Les races tendent à s’équilibrer ; les qualités qui manquent aux unes sont, chez d’autres, poussées à l’excès. C’est ainsi que les peuples latins sont doués d’une vivacité de sentiment qui fait défaut aux nations saxonnes plus savantes, mais savantes avec raideur. Quel contraste entre l’Anglais flegmatique et le Napolitain traduisant toutes ses impressions par ses cris, ses rires et ses pleurs, par le jeu de sa physionomie mobile !
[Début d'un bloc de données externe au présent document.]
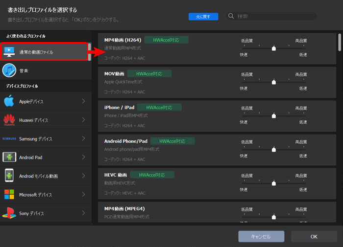 「フォーマット」アイコンをクリックし、書き出しプロファイル画面が表示されます。そして、「通常の動画ファイル」→「MP4動画」→「OK」という順で選択します。
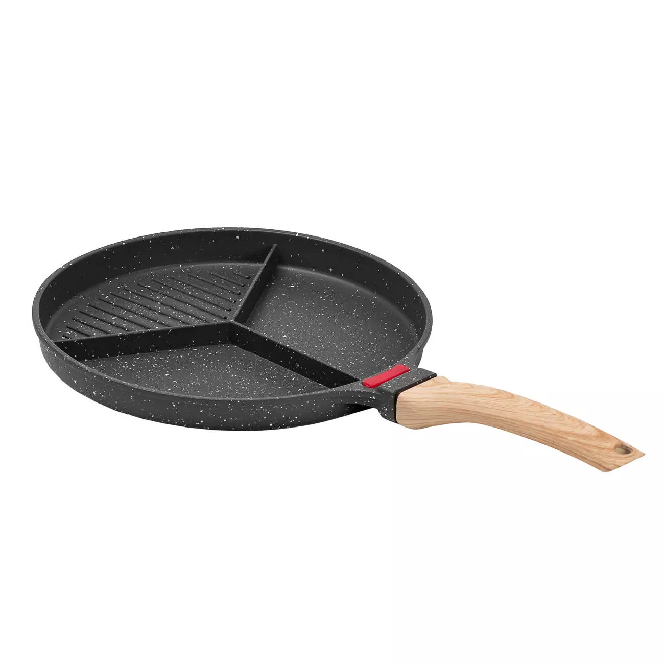 Кожна з трьох секцій має об'єм 200 мл, що дозволяє готувати різні страви окремо, зберігаючи їх смакові якості. Ручка виготовлена з бакеліту і прикручується на шуруп, що робить її міцною та зручною у використанні. Для збереження антипригарного покриття рекомендується готувати на малому або середньому вогні та використовувати дерев'яні або силіконові лопатки, уникаючи металевих інструментів, які можуть пошкодити поверхню.
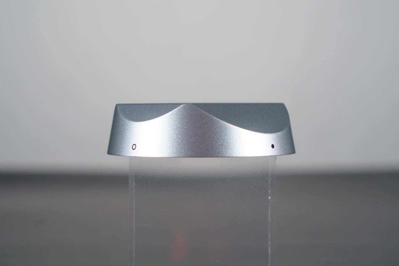 ▼首先鏡頭主體是銀色的,頂上的鏡頭蓋和底下的卡口蓋是黑色的,鏡頭表面質感蠻不錯的,冰冰涼的摸着很舒服
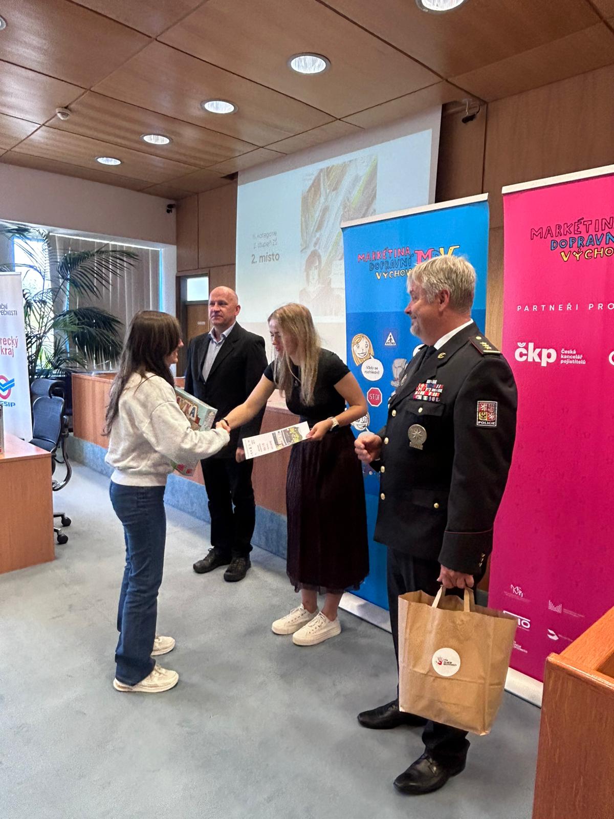 Slavnostní vyhlášení krajského kola proběhlo za účasti zástupců všech zapojených organizací i rodičů dne 25.dubna 2026 v zastupitelském sále Libereckého kraje. Odborná porota složená ze zástupců Policie České republiky, Libereckého kraje a Týmu silniční bezpečnosti měla nelehký úkol vybrat nejlepší práce v jednotlivých kategoriích. Čtyři kategorie výtvarné soutěže dle stupně vzdělávání a jedna kategorie literární.
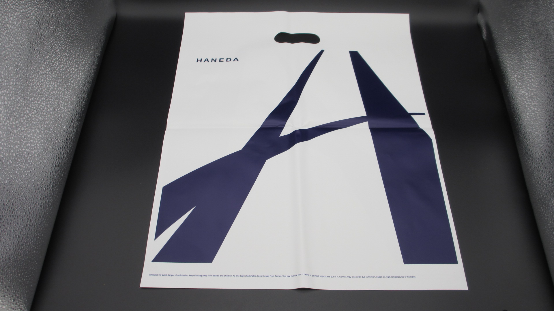 左:羽田空港公式通販サイトの手提げビニール袋×1、中央:チューリップローズ ギフト手提げ袋×1(写真は、裏表)、パンフレット
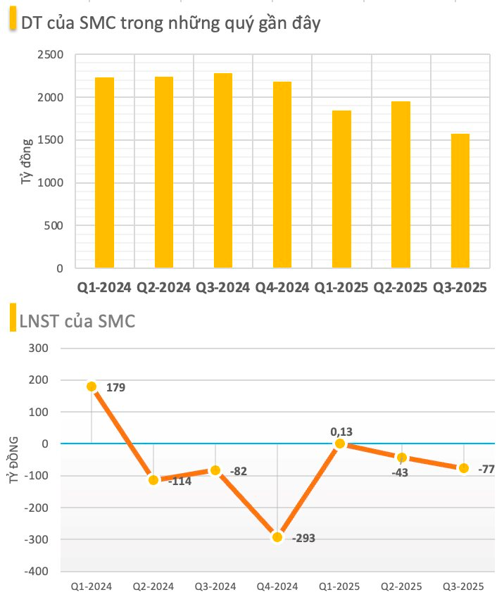 SMC là doanh nghiệp buôn thép có lịch sử gần 35 năm, từng ghi nhận giai đoạn tăng trưởng mạnh vào năm 2021 với doanh thu hơn 21.300 tỷ đồng và lợi nhuận sau thuế xấp xỉ 901 tỷ đồng. Tuy nhiên, từ năm 2022, khi thị trường thép suy giảm, công ty nhanh chóng đối mặt với áp lực lớn do các khoản phải thu phát sinh từ nhóm khách hàng bất động sản và xây dựng. Dòng tiền bị đình trệ tại các đối tác như Hòa Bình, Novaland… đã khiến hoạt động kinh doanh của SMC chịu sức ép kéo dài trong hai năm gần đây.
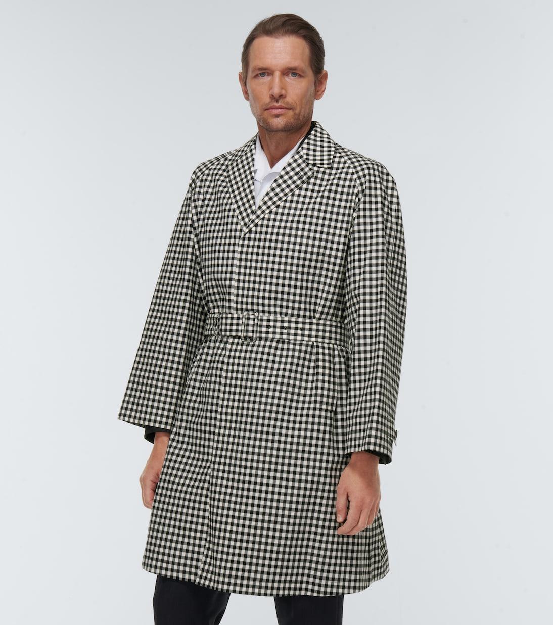 Этот клетчатый тренчкот, воплощающий элегантный подход Prada, имеет лаконичный цельнокроеный фасон. Эта хлопковая модель с заостренным воротником и поясом на талии обеспечивает универсальность стиля.

Proscrire la passion comme le rêvent quelques sectaires effrénés, serait proscrire la vie même, faire, selon la maxime jésuite, de l’être humain un cadavre. Certes, il faudra, aux approches de la tempête qui balaiera le monde bourgeois, se garder du sentimentalisme, mais, au lendemain de la crise, le sentimentalisme revivra. C’est la loi naturelle qui veut que des excès contraires se succèdent avant le rétablissement de l’équilibre. Tant que la révolution n’aura pas accompli son œuvre, les champions de la nouvelle société devront se bronzer le cœur ; trop souvent, les effusions de pitié, les attendrissements intempestifs ont fait perdre la bataille et abouti au massacre des prolétaires, salué par les acclamations des philanthropes à la Jules Simon. Mais après, quand le bien-être sera général, qu’il n’y aura plus de papes, de rois, d’empereurs, de gouvernants d’aucune sorte, que les luttes du passé ne seront plus qu’un souvenir, on sentira combien il est bon de vivre en aimant ; le nouvel état social amènera une détente, une explosion de sentimentalisme, mais non plus de ce sentimentalisme hypocrite qui prévalait au xviiie siècle chez les fausses bergères de Trianon, non plus de ce sentimentalisme bête qu’au lendemain de son triomphe, la bourgeoisie sut inculquer au peuple ignorant. Ce qui se manifestera alors dans toute son ampleur, ce sera ce sentiment jusqu’ici entrevu plutôt que réalisé, irréalisable d’ailleurs dans notre société pourrie : la fraternité.




  1. Infiniment moins qu’aujourd’hui, certes, mais autoritaire en ce sens que l’élève ne peut être absolument abandonné à lui-même ; les initiatives étant éveillées, c’est au professeur à les contrôler et à les guider vers ce but qu’il connaît et que les élèves ignorent. C’est ce que semble démontrer une tentative d’enseignement sans autorité, faite à Yasnaïa Touliana (Russie), sous les auspices de Léon Tolstoï et qui a donné des résultats excellents dans certaines branches, négatifs dans d’autres.
  2. Un établissement réalisait d’aussi près que possible cet idéal : celui de Cempuis, dirigé par un novateur audacieux en même temps que pédagogue de haute valeur, Paul Robin. Une guerre ininterrompue réussit à amener le renvoi du savant éducateur.
    À Cempuis était réalisée la coéducation des sexes. Normale aux États-Unis, elle fut trouvée abominable en France et fut une des raisons apparentes de la mesure prise contre le chef de l’établissement. Cela prouve, une fois de plus, combien les réformes sérieuses sont difficiles, pour ne pas dire impossibles, dans le milieu actuel.
  3. Bien entendu, nous parlons ici au point de vue de la masse et non de quelques exceptions. Les richissimes bourgeois américains qui couvrent d’or les tableaux d’un Meissonnier, obéissent non à un sentiment artistique mais à un orgueil de parvenu. Ils font généralement preuve d’ignorance et de mauvais goût.